━━━━━ INPUT DATA

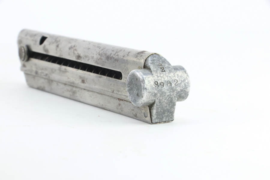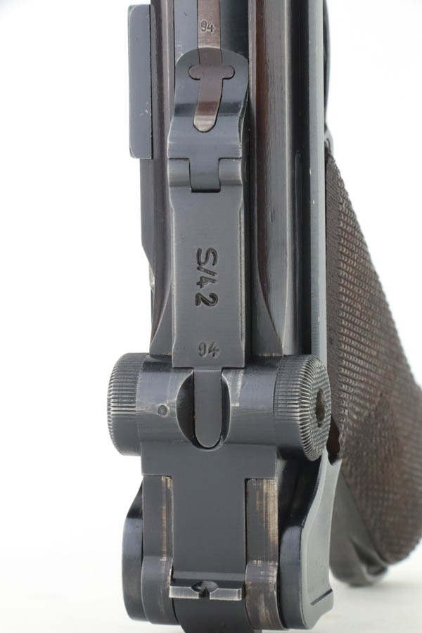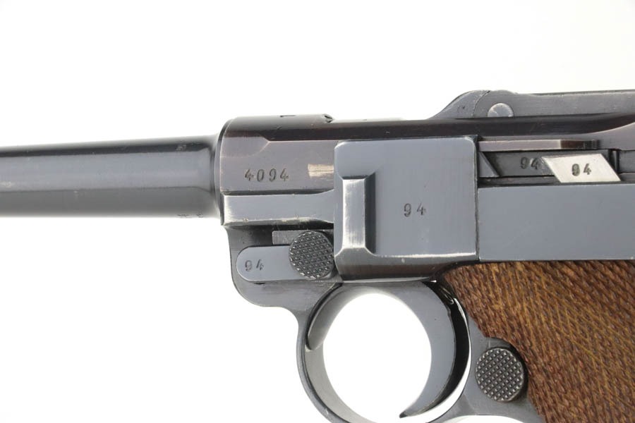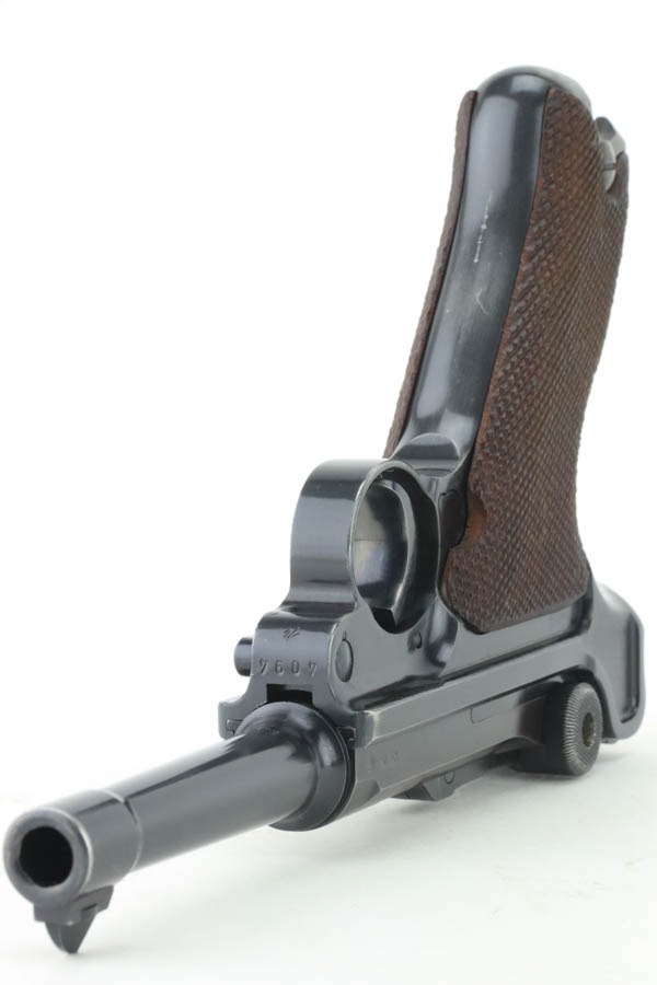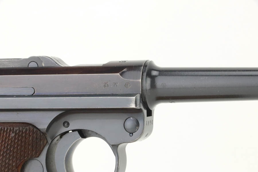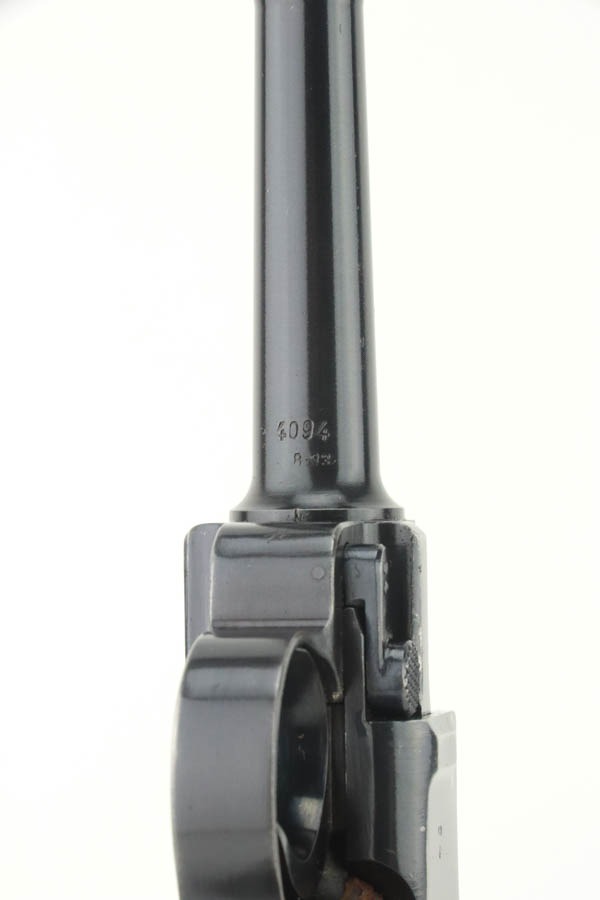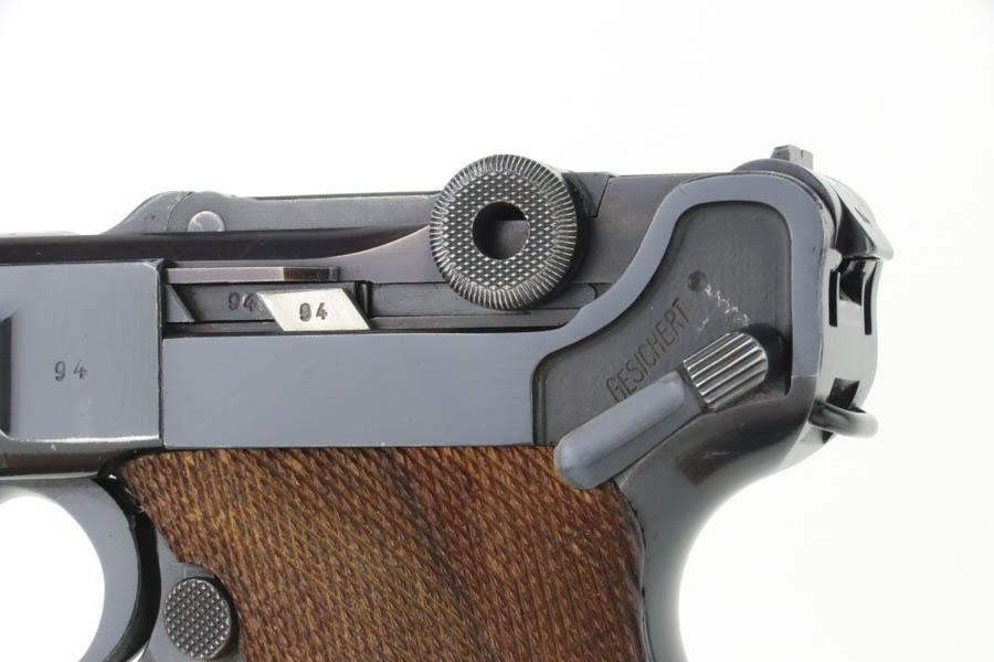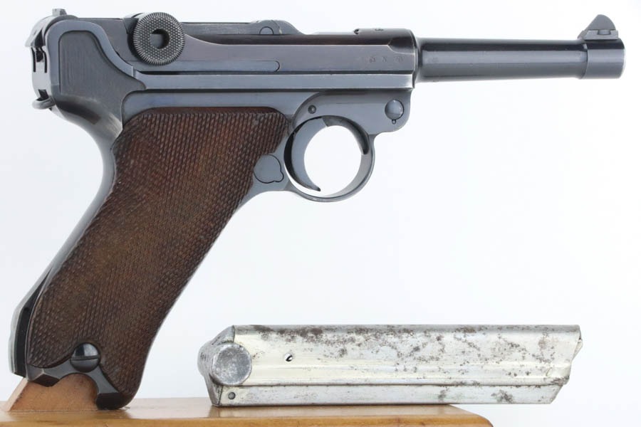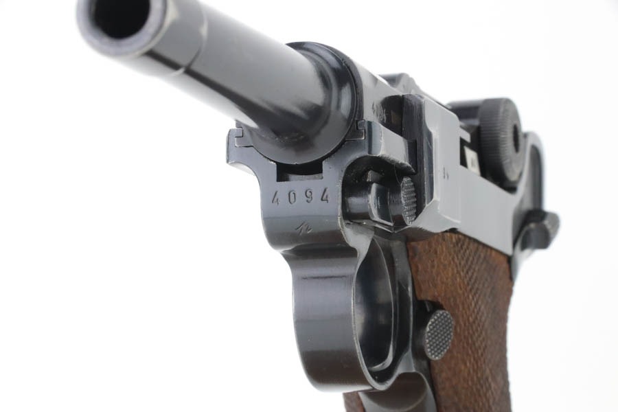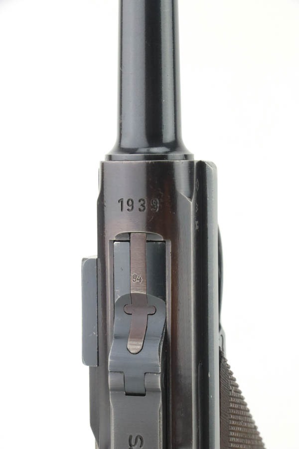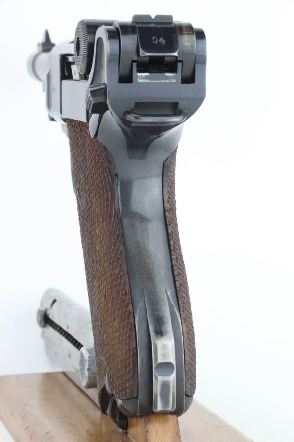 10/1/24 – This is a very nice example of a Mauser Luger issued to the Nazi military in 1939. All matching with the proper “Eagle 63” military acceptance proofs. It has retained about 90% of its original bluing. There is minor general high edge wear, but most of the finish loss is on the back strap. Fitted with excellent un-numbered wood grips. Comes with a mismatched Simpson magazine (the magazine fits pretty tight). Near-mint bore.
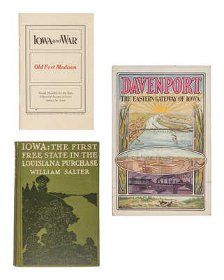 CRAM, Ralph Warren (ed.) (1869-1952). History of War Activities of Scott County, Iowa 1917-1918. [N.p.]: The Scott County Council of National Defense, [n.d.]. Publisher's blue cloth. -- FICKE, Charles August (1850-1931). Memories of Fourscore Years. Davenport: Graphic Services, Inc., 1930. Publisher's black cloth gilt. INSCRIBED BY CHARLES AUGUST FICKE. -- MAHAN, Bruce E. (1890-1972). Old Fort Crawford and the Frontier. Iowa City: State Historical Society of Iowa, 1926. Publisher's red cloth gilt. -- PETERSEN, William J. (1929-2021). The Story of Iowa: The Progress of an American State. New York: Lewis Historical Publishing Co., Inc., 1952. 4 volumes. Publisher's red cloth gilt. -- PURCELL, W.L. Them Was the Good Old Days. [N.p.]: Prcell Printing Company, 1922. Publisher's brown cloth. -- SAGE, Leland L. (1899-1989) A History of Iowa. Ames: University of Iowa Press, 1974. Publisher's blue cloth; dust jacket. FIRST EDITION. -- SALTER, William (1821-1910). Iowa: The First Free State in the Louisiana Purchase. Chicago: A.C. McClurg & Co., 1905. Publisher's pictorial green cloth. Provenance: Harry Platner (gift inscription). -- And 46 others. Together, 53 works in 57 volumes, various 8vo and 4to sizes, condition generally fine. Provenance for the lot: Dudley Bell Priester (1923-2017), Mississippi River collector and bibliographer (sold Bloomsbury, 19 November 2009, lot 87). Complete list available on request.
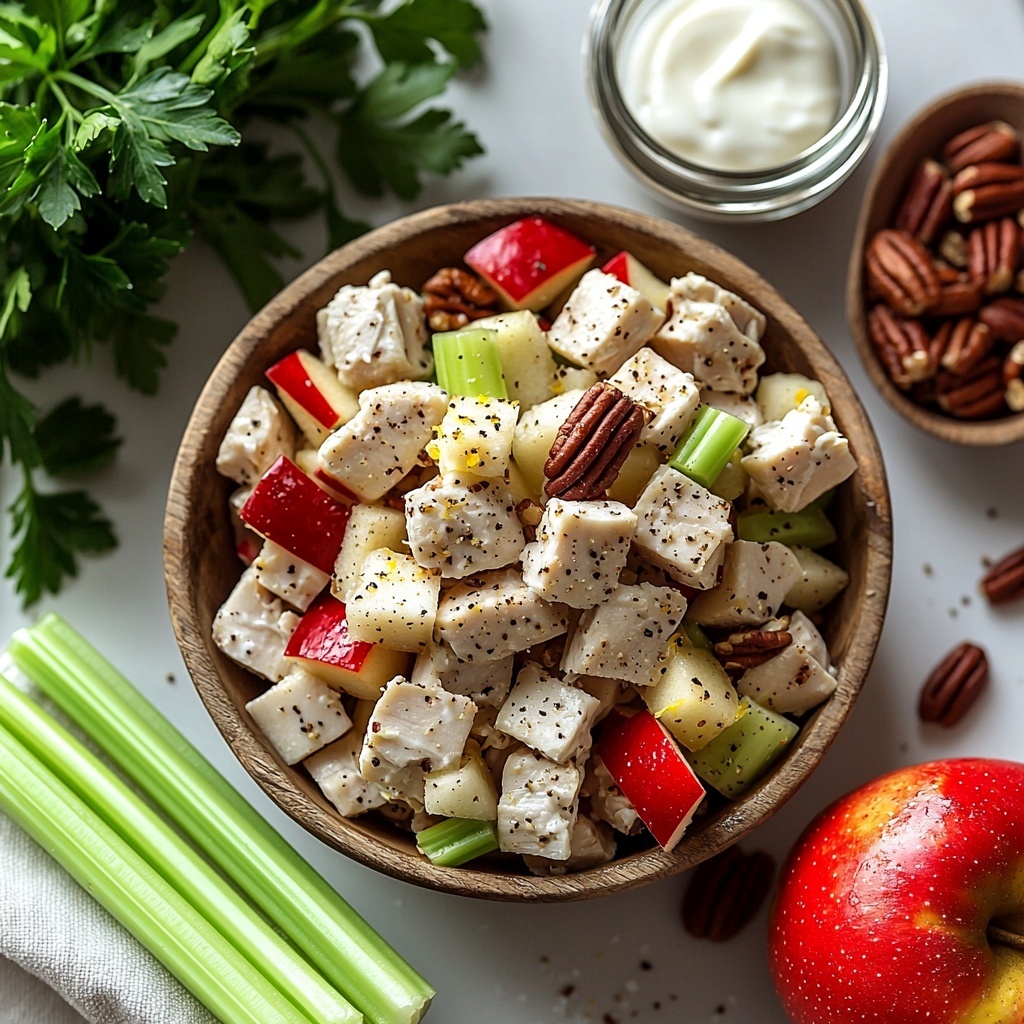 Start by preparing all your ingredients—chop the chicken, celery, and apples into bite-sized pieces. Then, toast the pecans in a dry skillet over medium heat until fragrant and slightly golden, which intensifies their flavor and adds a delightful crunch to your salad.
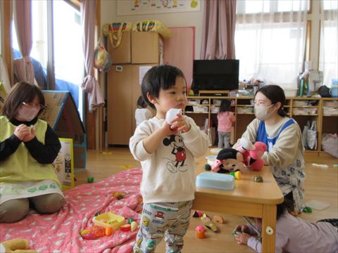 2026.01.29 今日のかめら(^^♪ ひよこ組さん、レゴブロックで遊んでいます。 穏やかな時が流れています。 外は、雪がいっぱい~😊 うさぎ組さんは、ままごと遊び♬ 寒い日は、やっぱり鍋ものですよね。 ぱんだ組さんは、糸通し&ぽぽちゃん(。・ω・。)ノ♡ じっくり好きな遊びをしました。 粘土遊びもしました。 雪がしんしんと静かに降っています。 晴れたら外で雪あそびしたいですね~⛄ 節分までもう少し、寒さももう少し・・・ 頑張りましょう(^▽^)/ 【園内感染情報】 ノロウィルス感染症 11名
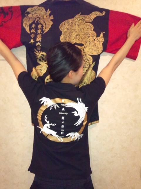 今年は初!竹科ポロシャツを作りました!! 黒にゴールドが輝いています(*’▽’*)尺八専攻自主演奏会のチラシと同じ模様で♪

━━━━━━━━━━

- _WORK ORDER_: Copy exactly, with no pictures, the lines from the line containing "Start by preparing" through the last line of the records above.

- _TASK OUTPUT_:
 Start by preparing all your ingredients—chop the chicken, celery, and apples into bite-sized pieces. Then, toast the pecans in a dry skillet over medium heat until fragrant and slightly golden, which intensifies their flavor and adds a delightful crunch to your salad.
 2026.01.29 今日のかめら(^^♪ ひよこ組さん、レゴブロックで遊んでいます。 穏やかな時が流れています。 外は、雪がいっぱい~😊 うさぎ組さんは、ままごと遊び♬ 寒い日は、やっぱり鍋ものですよね。 ぱんだ組さんは、糸通し&ぽぽちゃん(。・ω・。)ノ♡ じっくり好きな遊びをしました。 粘土遊びもしました。 雪がしんしんと静かに降っています。 晴れたら外で雪あそびしたいですね~⛄ 節分までもう少し、寒さももう少し・・・ 頑張りましょう(^▽^)/ 【園内感染情報】 ノロウィルス感染症 11名
 今年は初!竹科ポロシャツを作りました!! 黒にゴールドが輝いています(*’▽’*)尺八専攻自主演奏会のチラシと同じ模様で♪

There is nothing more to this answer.